The movie world was shocked when the body of 43-year-old Natalie Wood was found floating lifeless in the ocean off Catalina Island on the morning of Nov. 29, 1981. Forty years later, sister Lana still can't accept that the incident was nothing more than a tragic accident.

Natalie's watery demise remains one of Hollywood's enduring mysteries, recently resurrected in Lana's book, "Little Sister: My Investigation into the Mysterious Death of Natalie Wood," published last November, 40 years after the beloved actress's death (see http://www.amazon.com/Lana-Wood/e/B001KDRGZ8?).

Despite a morbid fear of drowning, Natalie would often go boating with husband Robert Wagner but, according to Lana, remained especially terrified of "dark ocean water."

"How did she end up in the sea at nighttime?" asked Lana from her home in Los Angeles. "The circumstances remain a question for many people. I wanted to present the facts about her death in this new book, including the police and coroner's reports, as well as a new witness who heard screams that night."

Natalie and Wagner, along with fellow actor Christopher Walken, had embarked on a weekend cruise aboard Wagner's motor yacht skippered for the trip by Dennis Davern.

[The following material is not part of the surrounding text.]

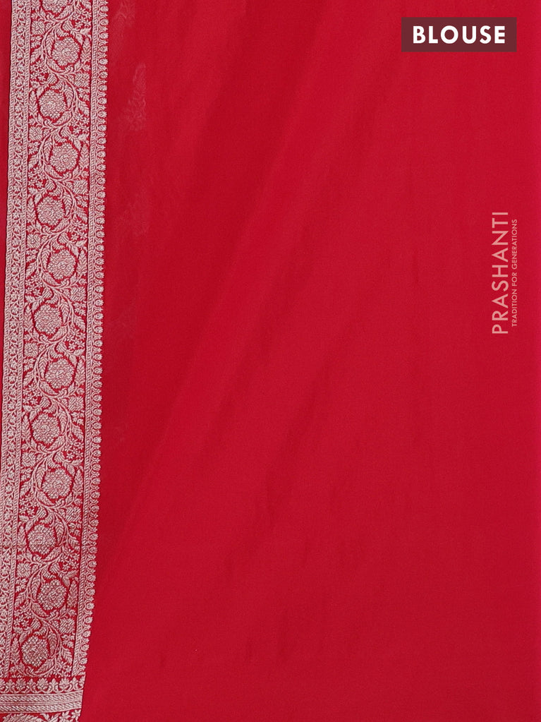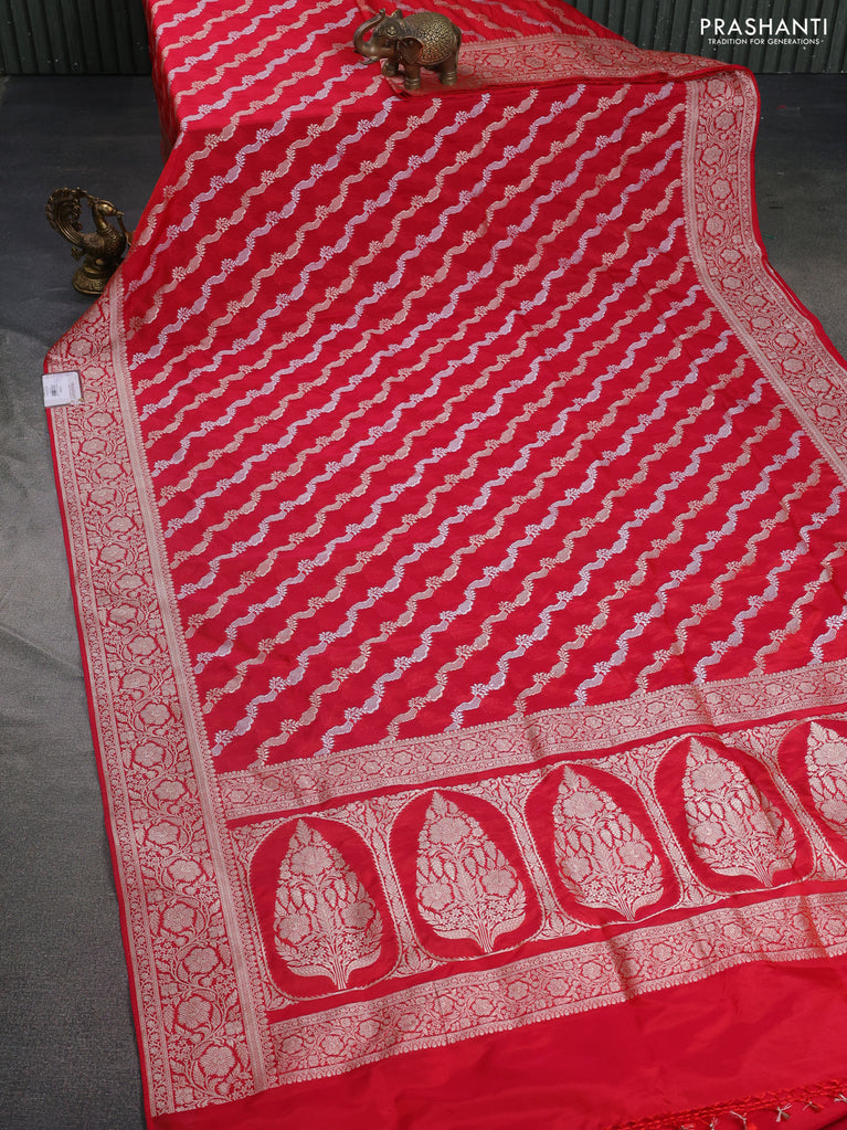 Banarasi semi katan silk saree red with allover silver & gold zari weaves and floral zari woven border

Although the group had been drinking and the couple apparently argued, Lana doesn't believe her sister merely fell overboard or that she tumbled into the water while attempting a nighttime launch of a dingy attached to the boat to leave after the argument. 

While no one on board at the time has ever been charged with involvement in Natalie's death, speculation on how Natalie got into the water the night before her body was discovered continues to haunt her sister.

"I wrote another book (in 2011) that looked at Natalie's life and happier times," recalled Lana. "But the new book wasn't as easy to write because I'd get emotional and have to walk away from it periodically."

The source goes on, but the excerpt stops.